Le ministre Herrera a insisté à nouveau sur ce point au cours de la remise du « Paquet » au Congrès : « notre proposition budgétaire est responsable, très responsable ».
Le projet de budget, tel qu’il a été rédigé par le personnel du ministère, présente un excédent primaire de 0,7%. L’enjeu pour le gouvernement est de faire savoir aux marchés qu’il s’efforce de pas s’endetter davantage, tandis que le président précédent, Enrique Peña Nieto, a laissé à son successeur une dette publique représentant plus de 50% du Produit intérieur brut (PIB) du pays en 2018.
Un tel niveau d’endettement public était jusqu’alors inconnu au Mexique.

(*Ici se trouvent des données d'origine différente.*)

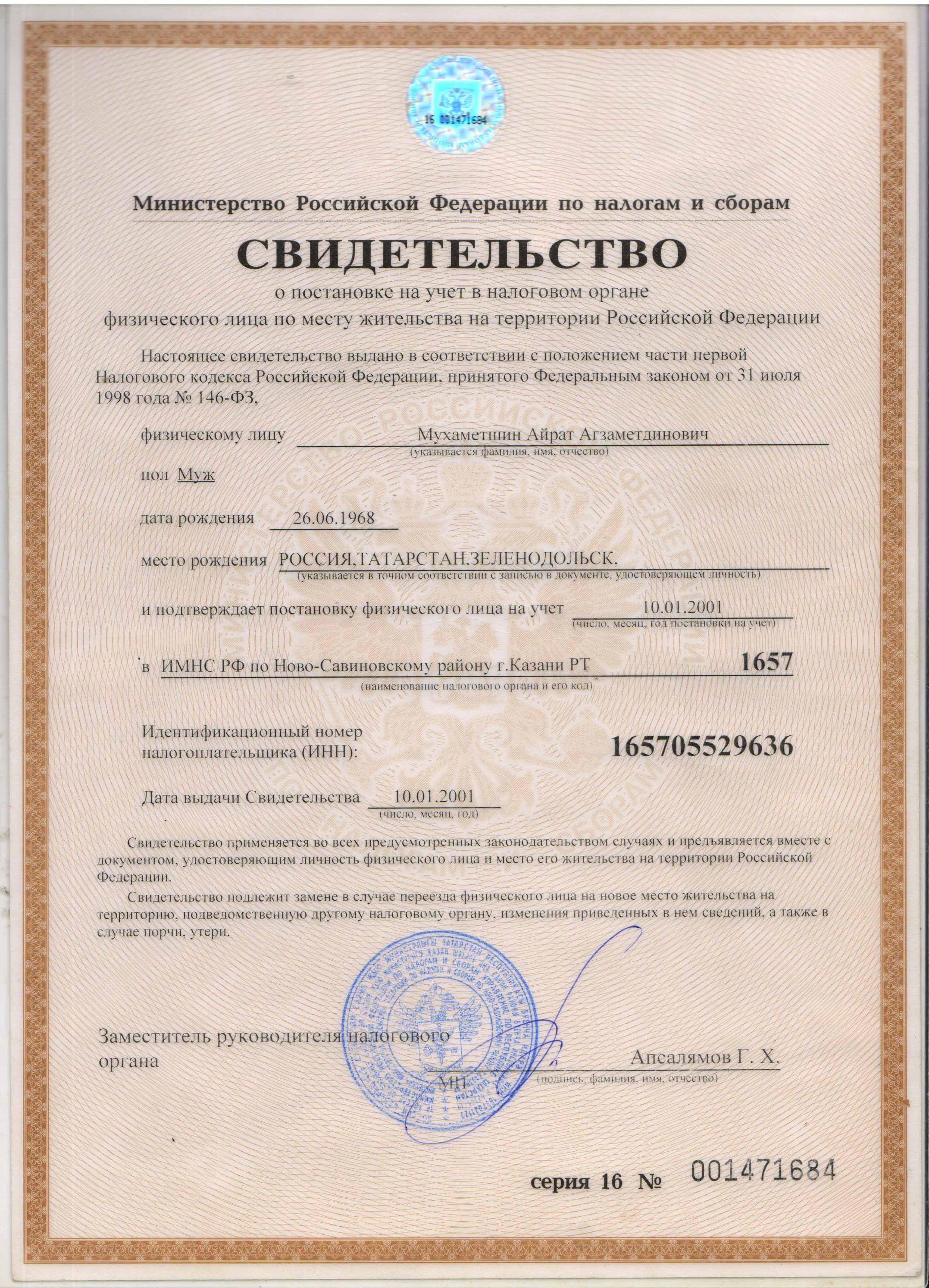 Свидетельство ИНН

“Il s’agit d’un projet de budget réaliste, respectueux des équilibres macroéconomiques, le gouvernement s’efforce de ne pas inquiéter les marchés et c’est une bonne chose » considère le directeur du Centre de recherche économique et budgétaire (CIEP), Héctor Villareal, interviewé par El Financiero.
Le ministère de l’Economie, dans ce document, expose que l’endettement doit faire l’objet d’une régulation plus transparente, d’où la création prévue d’un organe de conseil autonome qui analyse et statue sur les décisions budgétaires ayant un impact sur l’endettement public. L’objectif étant de « consolider la mise en oeuvre d’une politique budgétaire responsable », « surveiller les effets budgétaires des décisions politiques », et de « renforcer la transparence et la responsabilité dans l’exercice de la politique budgétaire ».
L’idée de la création d’un tel organe de conseil existait déjà sous l’ex-président Enrique Peña Nieto, mais n’avait pas reçu l’approbation de l’ex-ministre de l’Economie et des Finances, José Antonio Meade.
Ce qui inquiète : l’optimisme!
Les prévisions économiques sur lesquelles se fonde le paquet de budget de la Fédération tablent sur le retour du Mexique à une croissance économique située entre 1,5 et 2,5% d’ici à fin 2020.
Une projection que l’agence Moody’s a qualifié d' »optimiste », dans un pays qui a frôlé la récession cet été, et qui expose le gouvernement mexicain à une répétition des déboires de 2019 : que la croissance économique espérée ne soit pas au rendez-vous, et que le niveau espéré de recettes publiques fasse également défaut.
“S’il y a moins de croissance et de revenus pétroliers que prévu, cela pourra amener le gouvernement à revoir ses dépenses à la baisse, et donc à effectuer des coupes au cours de l’exercice budgétaire”, met en garde Mariana Campos, du think-tank Mexico Evalua, dans une intervention sur Aristegui Noticias.
D’après l’analyste José Luis de la Cruz, « cela fait trente ans que le Mexique ajuste ses budgets sur le dos de l’investissement public dans l’économie du pays, ce qui a freiné la croissance potentielle ».
Le gouvernement, par ailleurs, est tenu par ses engagements de lutte massive contre la pauvreté et de relance de la production pétrolière et de l’industrie pétrochimique nationale, le tout combiné avec ses promesses de non endettement et non augmentation des impôts (pour l’instant).
La crainte qui se répand est donc une répétition, en 2020 ou au plus tard en 2021, du scénario d’avril 2019, lorsque le ministère de l’Economique et des Finances – tenu alors par Carlos Urzua, qui a démissionné ensuite – a opéré une révision générale des dépenses, sabrant les budgets à tour de bras et portant un préjudice inattendu aux dépenses de santé et d’infrastructure.
Plus pessimiste encore que ses pairs, l’analyste Hector Villareal n’exclut pas des « coupes très douloureuses » dès l’exercice de l’année 2020, lesquelles « pourraient même affecter les budgets de sécurité publique » – et ce alors même que l’année 2019 a affiché des niveaux de violence criminelle jamais vus dans l’histoire du pays.